Murray-Rust Peter, Mitchell John B O, Rzepa Henry S
Unilever Centre for Molecular Science Informatics, Department of Chemistry, University of Cambridge, Lensfield Road, Cambridge, CB2 1EW, UK.
BMC Bioinformatics. 2005 Jul 18;6:180. doi: 10.1186/1471-2105-6-180.
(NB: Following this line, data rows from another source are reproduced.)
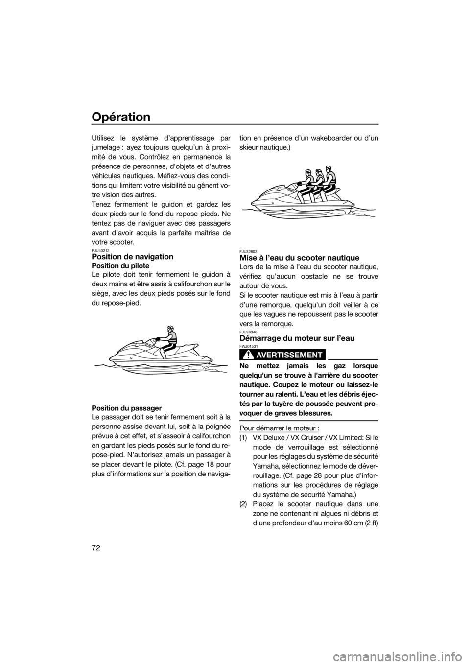 FJU36346Démarrage du moteur sur l’eau
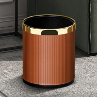 定制垃圾桶酒店客厅高档办公室厨房双层垃圾筒商用 10L棕色条纹-金圈
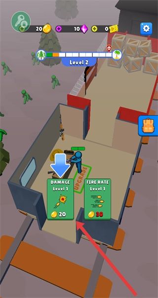3、在结束攻势后可消耗20金币升级DAMAGE属性,提升子弹攻击伤害,增强后续作战能力。
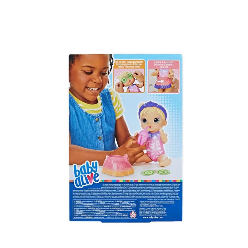 SPA-THEMED DOLL: Kids ages 3 and up can treat Rainbow Spa Baby doll to a pretend spa day and put on her special doll eye mask CUCUMBER EYE MASK DOLL ACCESSORY: This 10-inch Baby Alive doll comes with an adorable doll eye mask that looks like 2 cucumbers 2 DOLL SKIRTS IN 1: Toy features a vibrant dual-sided skirt -- twist it around to reveal a new look REMOVABLE HEADBAND AND BOTTLE: Doll features a fun headband that matches her outfit and a play bottle so kids can pretend to feed her POSEABLE DOLL FOR Girls AND Boys: This doll with 5 points of articulation makes a great gift for birthday and holiday presents Includes doll with removable headband, skirt, doll eye mask and cup. Figure scale: 10 inches For ages 3+ Adult assembly required. WARNING: Small parts may be generated. NOTE: Adult should remove and discard fasteners. Surface clean only. © 2022 Hasbro. All rights reserved.
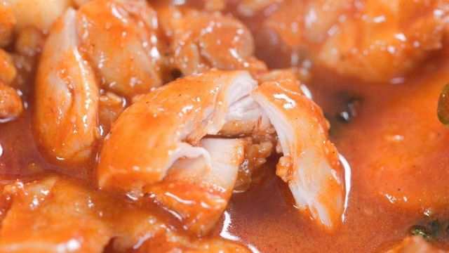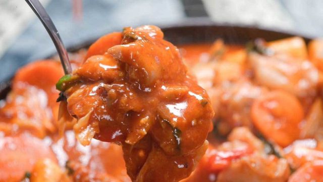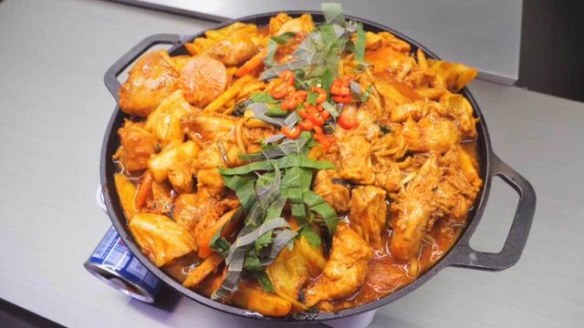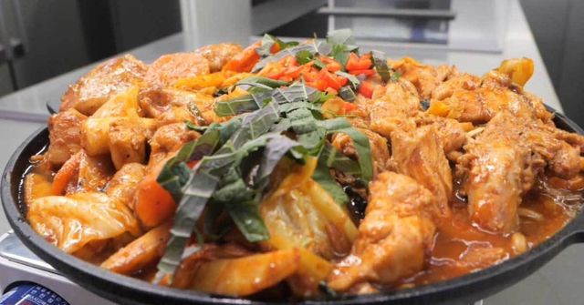 웍에 염지 된 닭을 넣고 볶다가 양배추를 넣어 함께 볶는다. 양배추의 수분감을 이용해 고기가 타지 않게 익혀준다. 그다음 대파, 고구마, 당근, 양념장을 넣고 함께 볶는다.
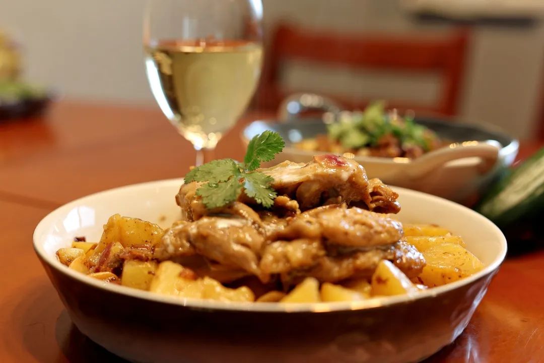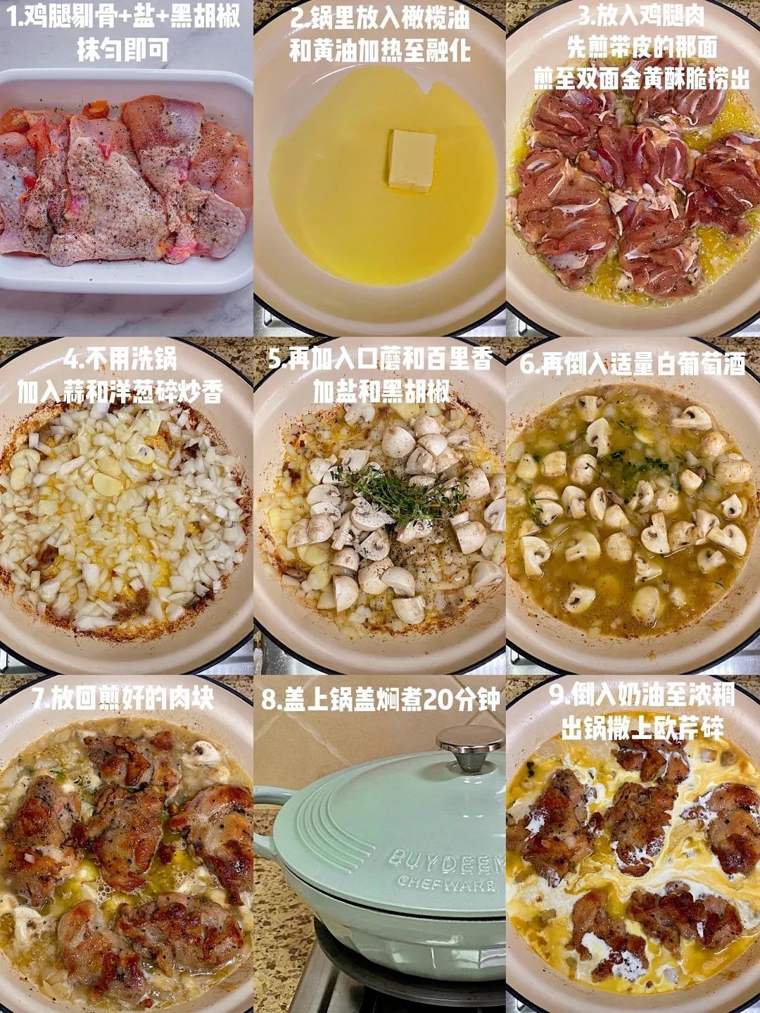×ö·¨ 1. ¼¦ÍÈÌÞ¹Ç+ÑÎ+ºÚºú½·Ä¨ÔÈ¡£ 2. ¹øÀï·ÅÈëéÏéÓͺͻÆÓͼÓÈÈÖÁÈÚ»¯¡£ 3. ·ÅÈ뼦ÍÈÈ⣬ÏÈ¼å´øÆ¤µÄÄÇÃæ£¬¼åÖÁË«Ãæ½ð»ÆËÖ´àÀ̳ö¡£ 4. ²»ÓÃÏ´¹ø¼ÓÈëËâºÍÑó´ÐËé³´Ïã¡£ 5. ¼ÓÈë¿ÚÄ¢ºÍ°ÙÀïÏ㣬ÔÙ¼ÓÑκͺںú½·¡£ 6. ÔÙµ¹ÈëÊÊÁ¿°×ÆÏÌѾơ£ 7. ·Å»Ø¼åºÃµÄÈâ¿é¡£ 8. ¸ÇÉϹø¸ÇìËÖó20·ÖÖÓ¡£ 9. µ¹ÈëÄÌÓÍÖÁŨ³í£¬³ö¹øÈöÉÏÅ·ÇÛËé¡£
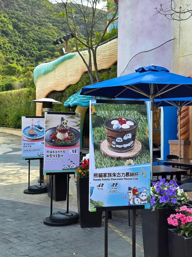 見過黑白六寶後,踏上從細到大、充滿「海洋公園」情意結的纜車,自製一個纜車河。玩了大半天,真的有點累!突然又看到熊貓出沒,不會吧?其實是「水都餅店」的熊貓甜品!因此,又成為我們坐下休息兼吃甜品的借口。
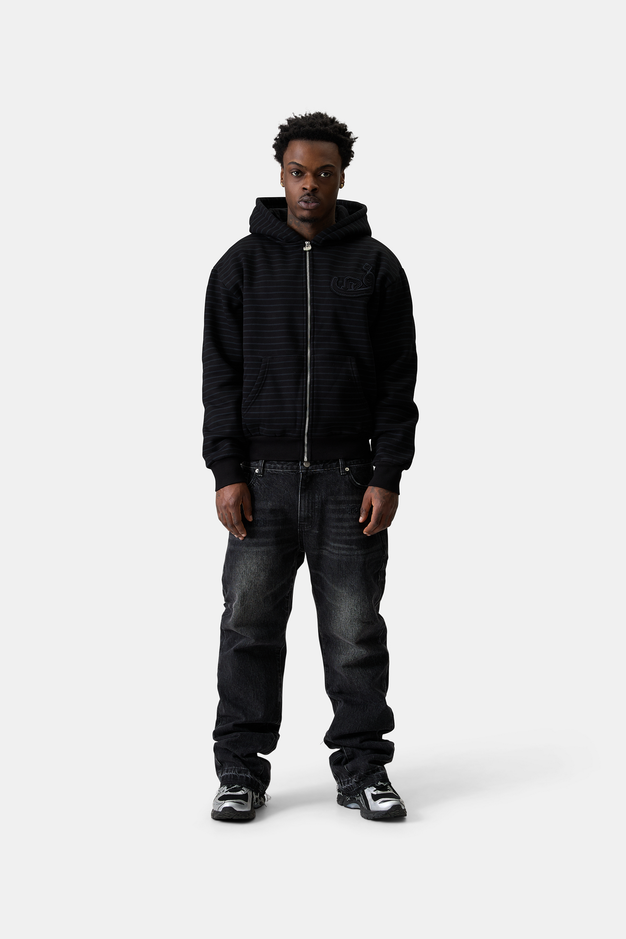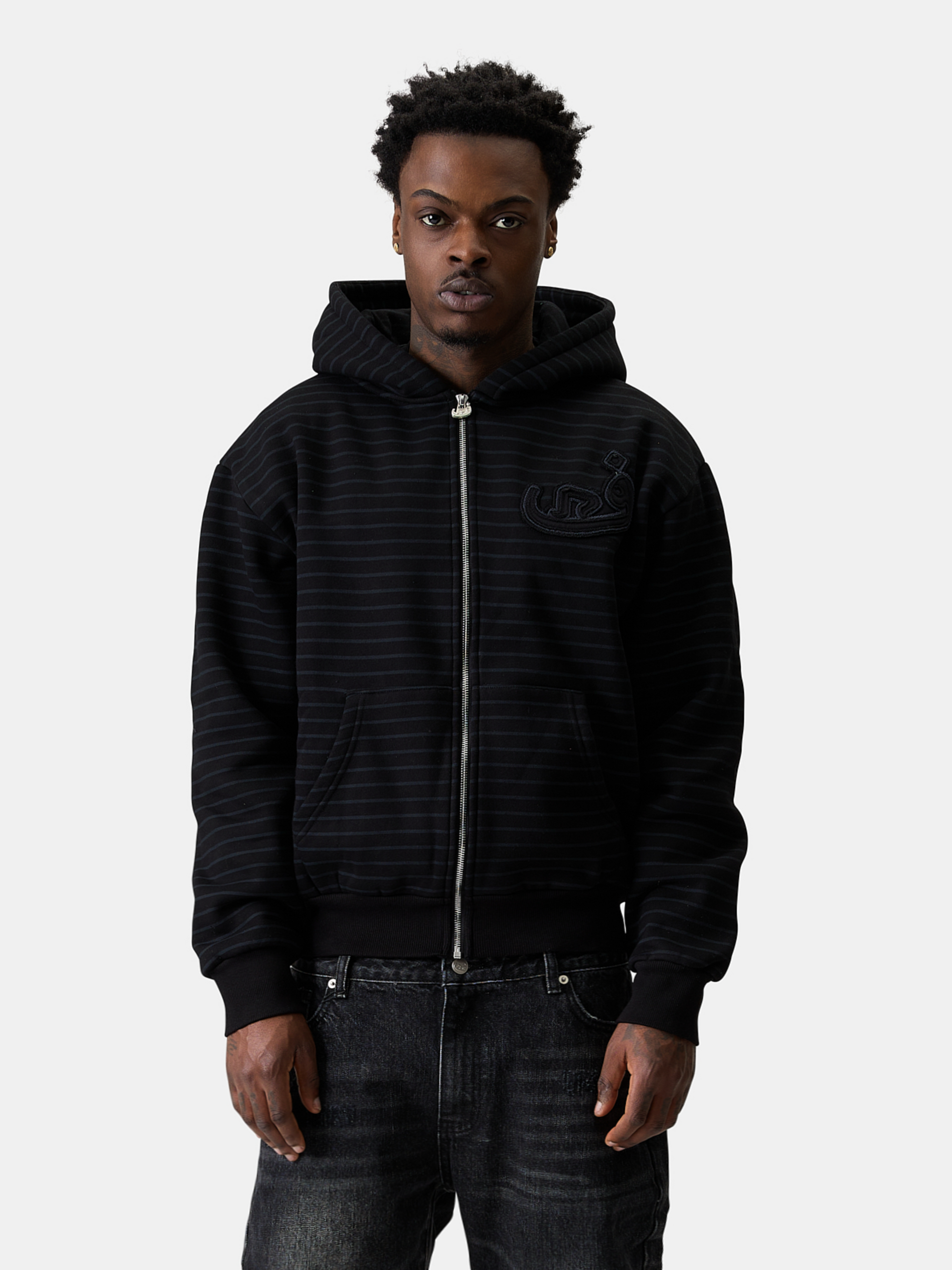 Zip Hoodie Stripe Frayed - Black
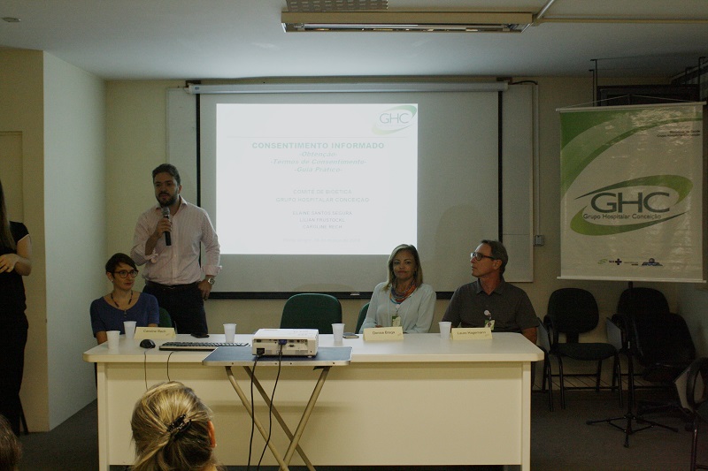 Com objetivo de apresentar o processo de consentimento do paciente, os termos de uso do Grupo Hospitalar Conceição e o Guia Prático de Consentimento Informado do GHC, foi realizado pelo Comitê de Bioética do GHC na última sexta-feira, 16 de março, encontro com funcionários do Hospital Fêmina.
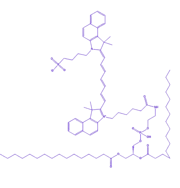 DPPE-ICG是由二棕榈酰磷脂酰乙醇胺(DPPE)与吲哚菁绿(ICG)通过化学连接形成的两亲性复合物,兼具近红外荧光特性与生物成像应用潜力。其分子结构中,DPPE提供两亲性骨架,甘油酯部分通过两个棕榈酰脂肪酸链构成疏水性尾部,另一端通过磷酸基团连接乙醇胺亲水头基;ICG作为三碳花菁染料,赋予复合物近红外荧光性能,其最大发射波长范围为795-845nm。
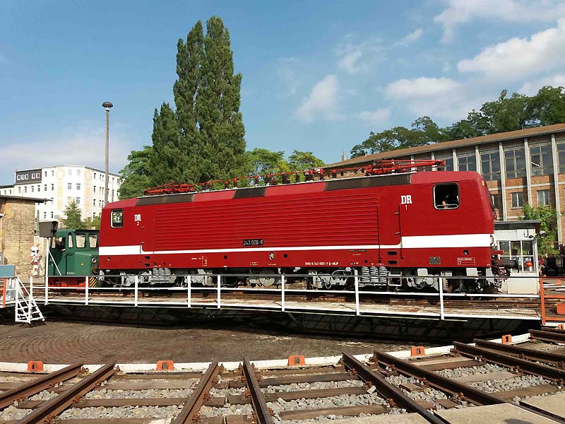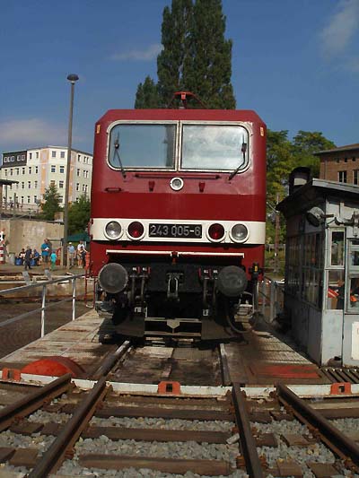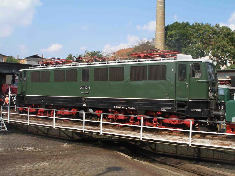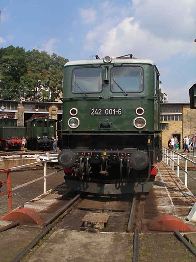 242 001-6 der PRESS ist auch zu Gast und wird auf der Drehscheibe zur Schau gestellt. 243 005-6 in Frontansicht auf der Drehscheibe.
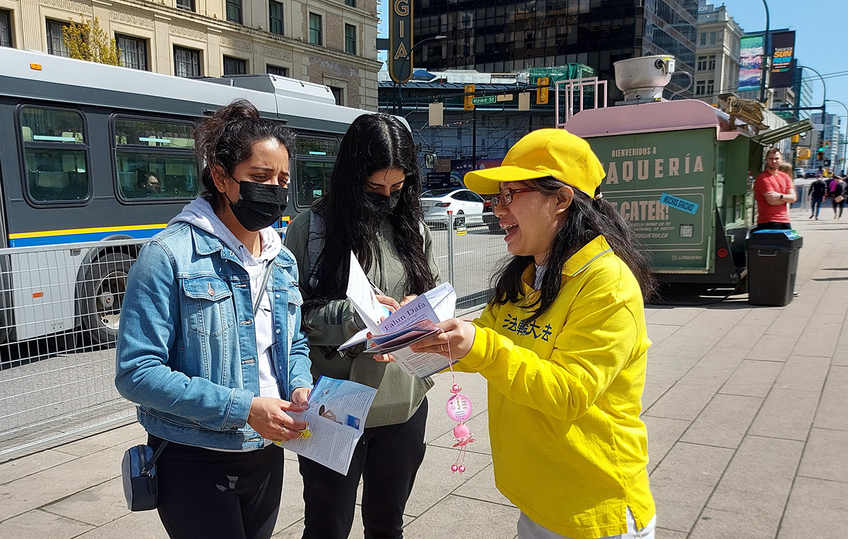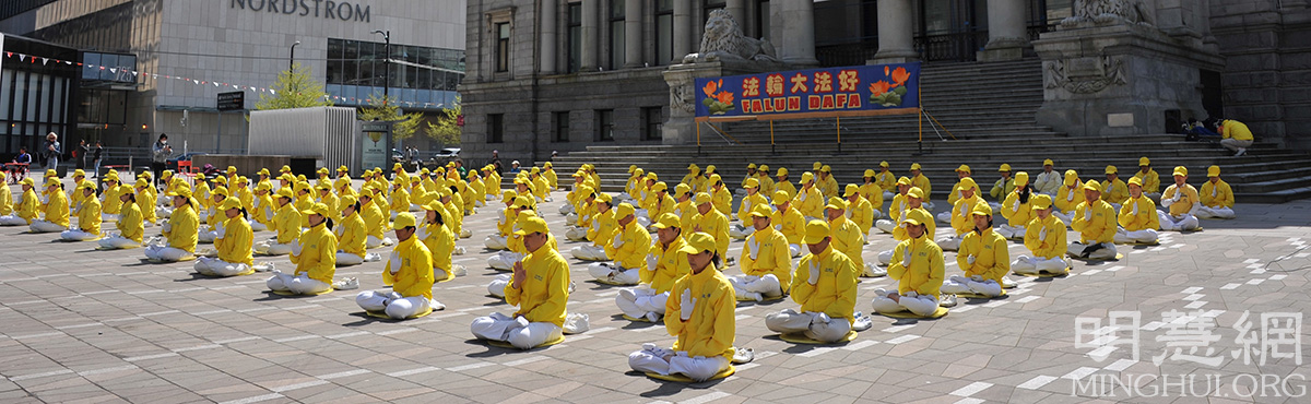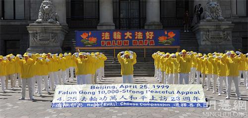 ![]() 图1~2:二零二二年四月二十三日,温哥华部分法轮功学员在市中心的艺术馆门前集体炼功。 |
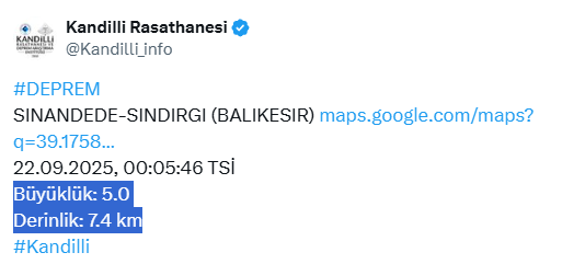 Balıkesirde deprem meydana geldi. Kandilli rasathanesine göre büyüklük 5.0 derinlik 7.4

The current methods of publishing chemical information in bioscience articles are analysed. Using 3 papers as use-cases, it is shown that conventional methods using human procedures, including cut-and-paste are time-consuming and introduce errors. The meaning of chemical terms and the identity of compounds is often ambiguous. valuable experimental data such as spectra and computational results are almost always omitted. We describe an Open XML architecture at proof-of-concept which addresses these concerns. Compounds are identified through explicit connection tables or links to persistent Open resources such as PubChem. It is argued that if publishers adopt these tools and protocols, then the quality and quantity of chemical information available to bioscientists will increase and the authors, publishers and readers will find the process cost-effective.
分析了目前在生物科学文章中发布化学信息的方法。以3篇论文为案例,结果表明,包括复制粘贴在内的传统人工操作方法既耗时又容易出错。化学术语的含义和化合物的身份常常模糊不清。有价值的实验数据,如光谱和计算结果几乎总是被省略。我们描述了一种概念验证阶段的开放XML架构,该架构解决了这些问题。通过显式连接表或指向诸如PubChem等持久开放资源的链接来识别化合物。有人认为,如果出版商采用这些工具和协议,那么生物科学家可获取的化学信息的质量和数量将会增加,并且作者、出版商和读者都会发现这个过程具有成本效益。